The Islamic calendar functions slightly differently. Its months begin with the first visible crescent low in the west at dusk, which is not with the actual New Moon. Keep in mind that at New Moon, the Moon is in line with the Earth and Sun, and the entire near side of the Moon has nighttime (and is therefore dark). The New Moon is visible, therefore, only if it blocks the Sun during an eclipse.

Since this New Moon occurs early Monday morning, the 29th, we expect it to be visible by Tuesday evening, the 30th. Observant Muslims, then, will continue to fast in daylight hours Monday and Tuesday. Upon seeing the Moon Tuesday night, they will know that Ramadan has become Shawwal, and they may break their fast on Wednesday.

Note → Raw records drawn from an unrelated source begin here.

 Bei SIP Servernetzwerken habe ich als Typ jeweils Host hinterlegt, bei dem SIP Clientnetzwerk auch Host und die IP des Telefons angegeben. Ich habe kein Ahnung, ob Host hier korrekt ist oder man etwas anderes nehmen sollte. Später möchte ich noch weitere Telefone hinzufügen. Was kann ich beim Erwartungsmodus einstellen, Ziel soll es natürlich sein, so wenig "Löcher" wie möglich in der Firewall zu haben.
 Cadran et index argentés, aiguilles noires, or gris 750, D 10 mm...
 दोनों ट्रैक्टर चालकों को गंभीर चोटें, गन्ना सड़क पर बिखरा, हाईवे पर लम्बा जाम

Due to early controversy as to which years would have it, Muhammad outlawed the 13th month that kept Islamic months tied to the seasons. As a result, Ramadan (and each other month in that calendar) begins 11 days earlier each year according to our Gregorian calendar.

The Moon is Earth’s only natural satellite, orbiting our planet once every 27.3 days. However, a cycle of moon phases (say, from New Moon to the next New Moon), takes 29.54 days. This is because the Earth itself is moving during each 27.3 day Moon orbit. Since it is much easier to observe the Moon’s changing phase cycle than to observe the Sun directly, the 29.54 day phase cycle was the basis of many ancient calendars. Words for ‘moon’ and ‘month’ are related in English and are identical in many other languages. There is some evidence that our word ‘moon’ is ultimately related to an Indo-European word for ‘measure.’ Given how long we’ve measured time by the Moon, it is easy to take its presence for granted.

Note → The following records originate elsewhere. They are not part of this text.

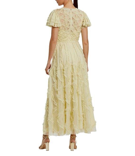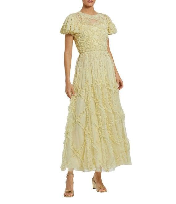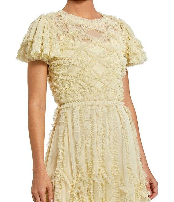 From Mac Duggal, this dress features: A-line silhouette Mesh fabrication Micro ruffle details Illusion crew neckline Short flutter sleeves Illusion back yoke Waist seam Zip back closure Lined Approx. 53" length Polyester Hand wash cold Imported.
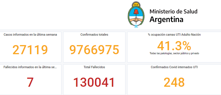 La información epidemiológica del ministerio de salud de la nación tiene a la fecha estos números
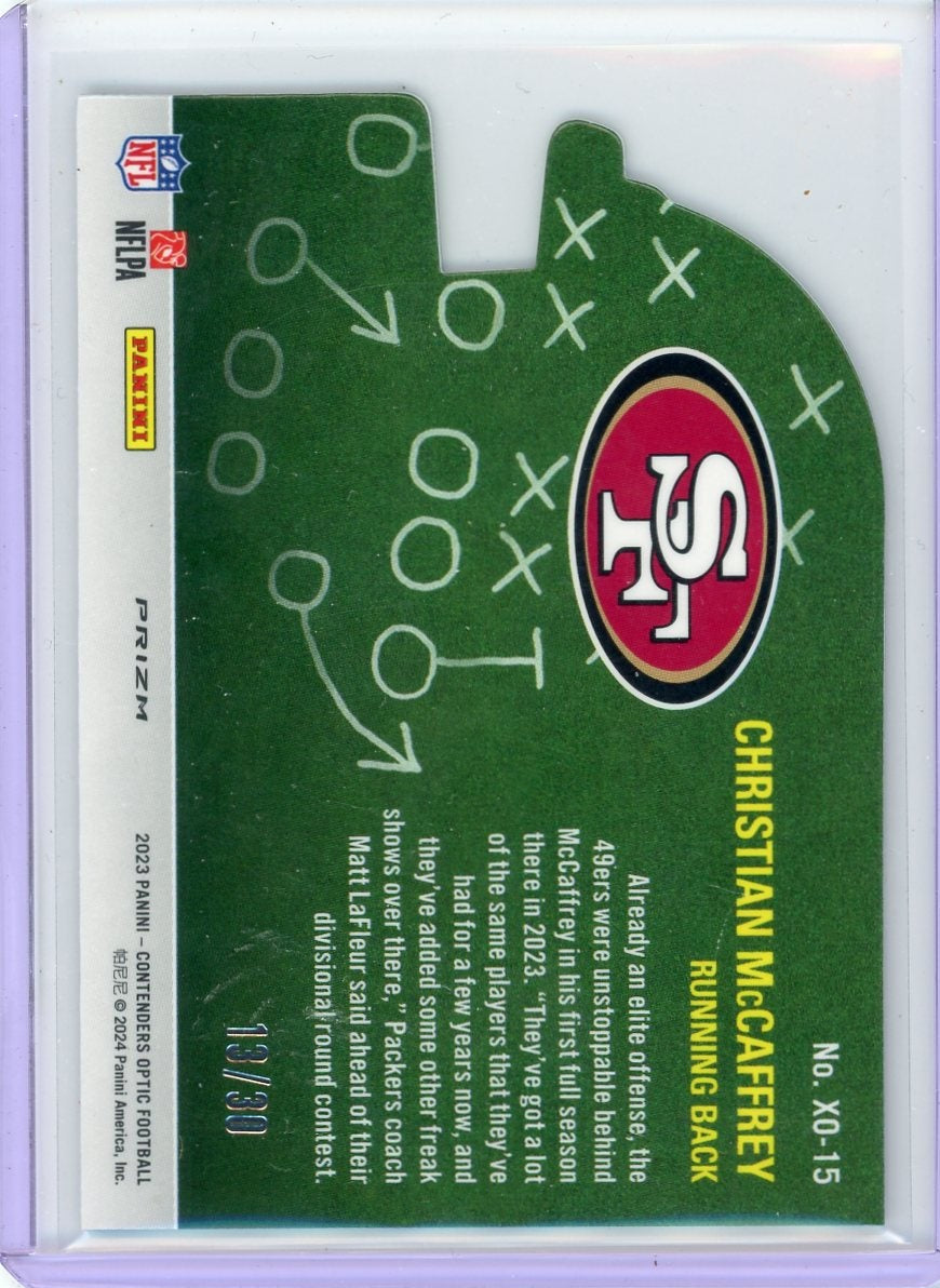 Christian McCaffrey 2023 Panini Contenders Optic X's & O's green pulsar prizm die-cut #'d 13/30

Released to Public: Jupiter Montage (NASA)
Creative Commons License photo credit: pingnews.com

However, our Moon is quite remarkable in several ways. Moons in our solar system are generally much smaller than the planet they orbit. Jupiter and Saturn, for example, are about 25 times bigger across than their biggest moons. Earth, though, is only 3.67 times the diameter of our Moon. Also, moons usually orbit in the same plane as their planet’s equator. Our Moon, though, orbits within about 5 degrees of Earth’s orbital plane, called the ecliptic, which is not the plane of the equator since Earth is tilted 23.5 degrees on its axis.

This leads most astronomers to believe that the Moon did not form with the Earth, but is the result of a collision with with an object roughly the size of Mars. According to this theory, the impactor (sometimes called ‘Theia’) struck a glancing blow on the Earth and was completely destroyed, and the Moon formed from the debris of Theia’s and Earth’s mantles.

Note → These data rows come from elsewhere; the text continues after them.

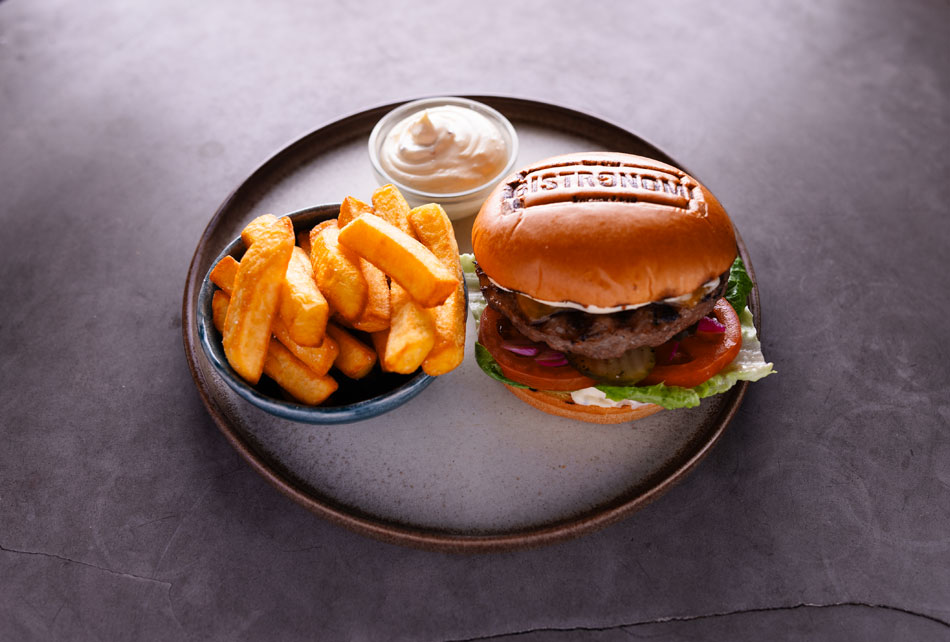 200 gram flammegrilet Angus bøf, brioche bole, cheddar, hjertesalat, tomat, syltede agurk & rødløg, dijonaise. Dip: Dijonaise
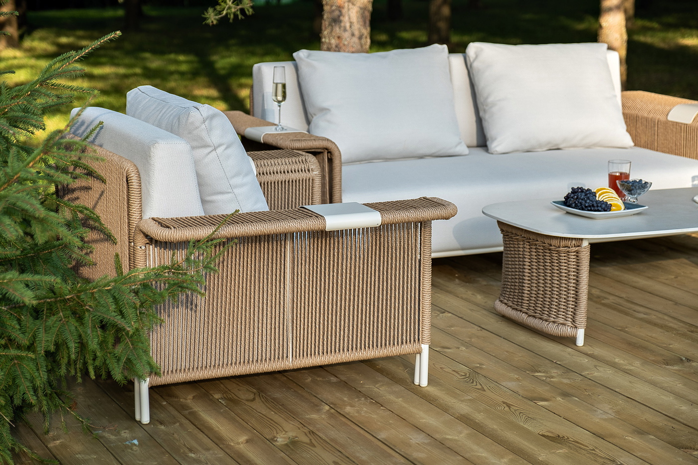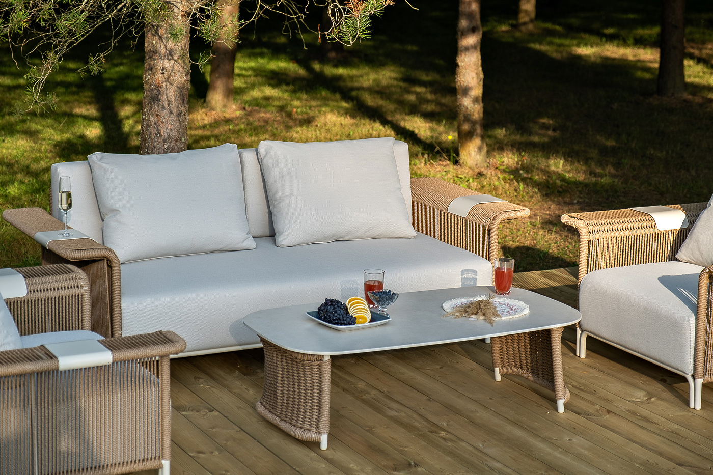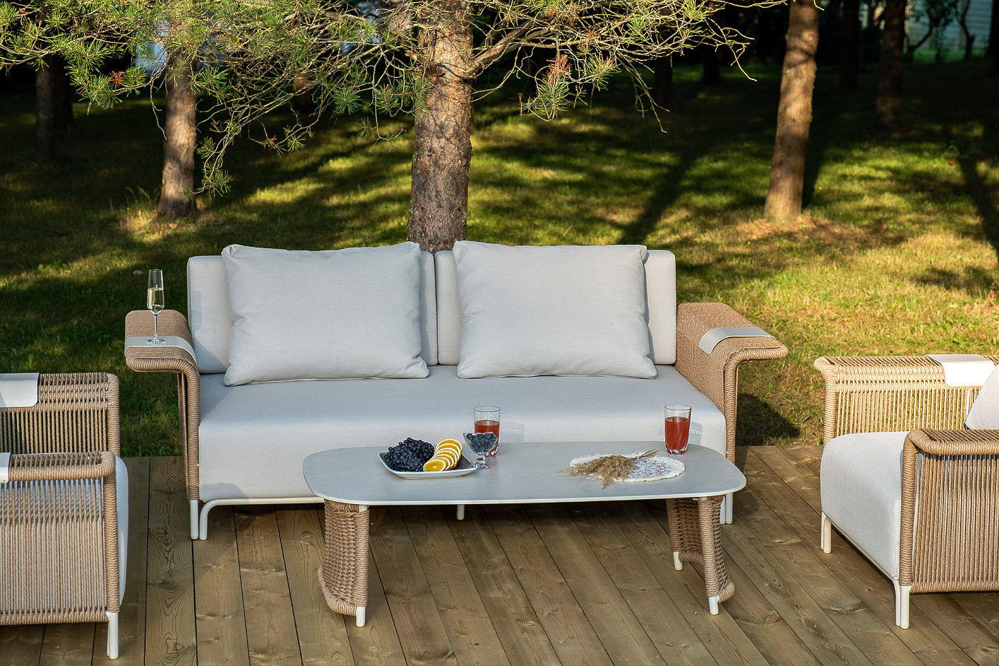 Комплект для лаунж-зоны «Мальдивы» рассчитан на 4 персоны.
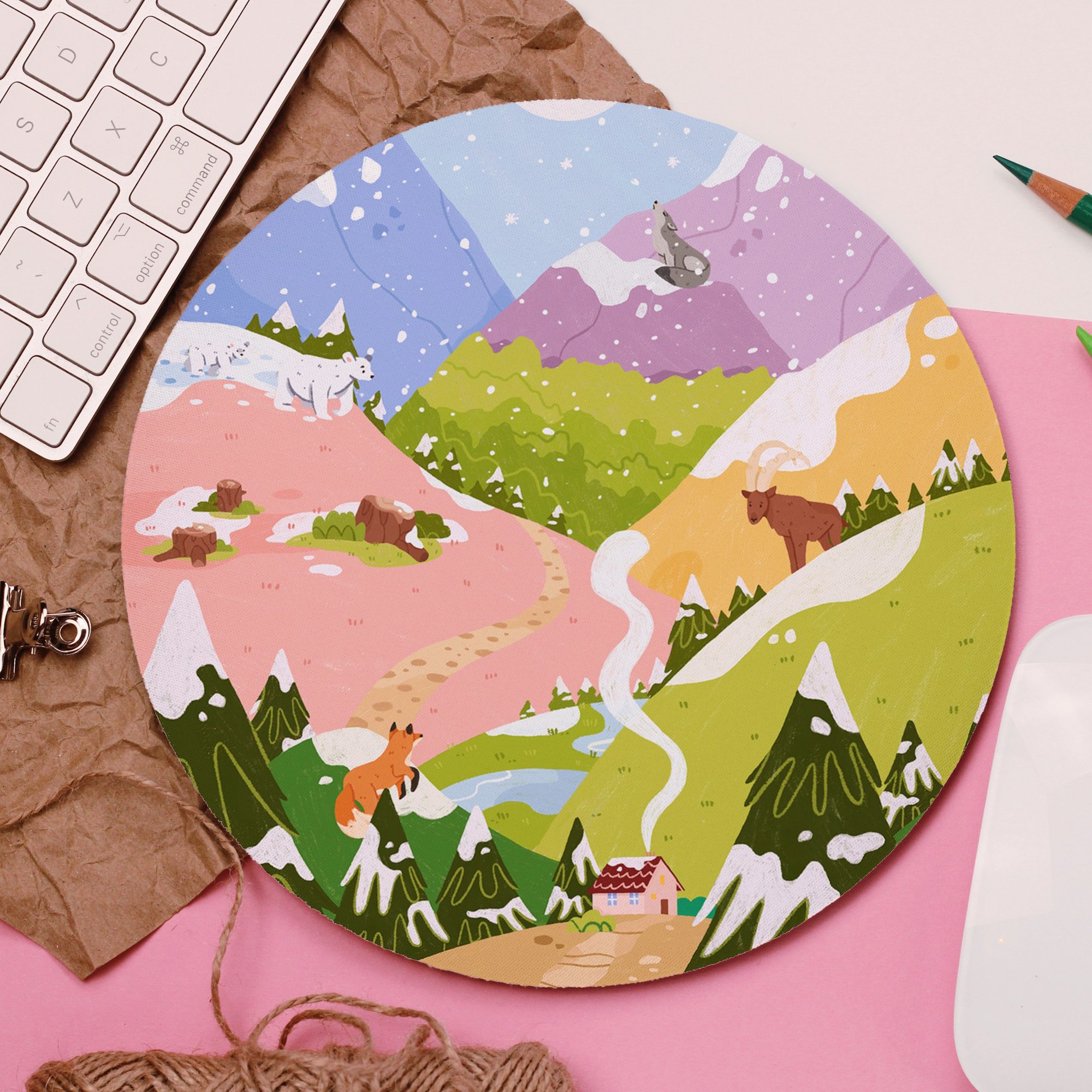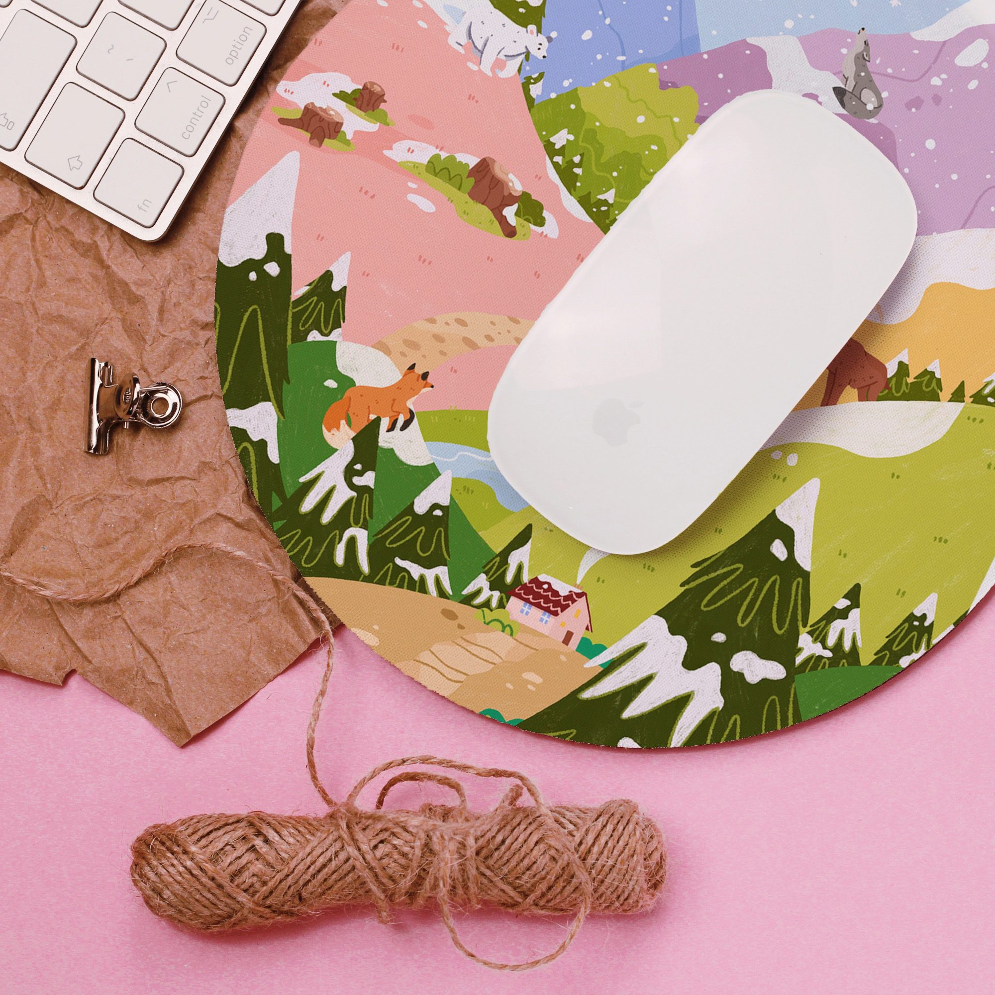 Winter Landscape Mouse Pad, Colourful Desk Art, Office Art, Cute Pastel Art, Fox, Hills

This impact is what left Earth with a Moon much larger than what a planet Earth’s size would normally have, and left that Moon near Earth’s orbital plane (where the impact occured). Our relatively big moon has crucial effects not only on our tides, but also on the stability of Earth’s tilt.

Earth’s orbital tilt of about 23 and a half degrees as it goes around the Sun causes the seasons. The axis precesses, describing an aparent circle roughly every 26,000 years, but the amount of tilt (obliquity) stays nearly the same. Because the Moon acts a counterweight, the obliquity varies only between 22.1 degrees and 24.5 degrees over about 41,00 years (we are now at 23.44 degrees and decreasing). Even this orderly variation, called the Milankovitch cycle, is enough to influence our Ice Ages. Imagine the impact on Earth’s climate if there were no Moon, and the obliquity varied chaotically. This is exactly what happens at Mars, where the tiny moons Phobos and Deimos are not massive enough to influence Mars’ tilt.

Public Domain: Apollo 8 Looks at the Moon (NARA/NASA)
Creative Commons License photo credit: pingnews.com

One thing our Moon does have in common with most others is that it orbits the Earth and rotates on its own axis at the same rate. This is called ‘synchronous rotation’ and it occurs because the Moon is not exactly uniform in composition. From the time the Moon formed, the slightly heavier side was attracted to the Earth. Over time, this effect de-spun the Moon until it attained synchronous rotation. The Moon’s gravitational attraction also de-spins the Earth, although much more slowly as the Moon is less massive. As it does so, the Moon moves slightly farther from the Earth (just over 3 cm per year). The Moon is now 1.5 meters farther away that it was when Apollo astronauts went there. Don’t worry, though, by the time the Moon is far enough away to escape, the Sun will have become a red giant and swallowed both Earth and Moon anyway.

What is the shape of the Moon’s trajectory around the Sun? Perhaps not what you’d expect.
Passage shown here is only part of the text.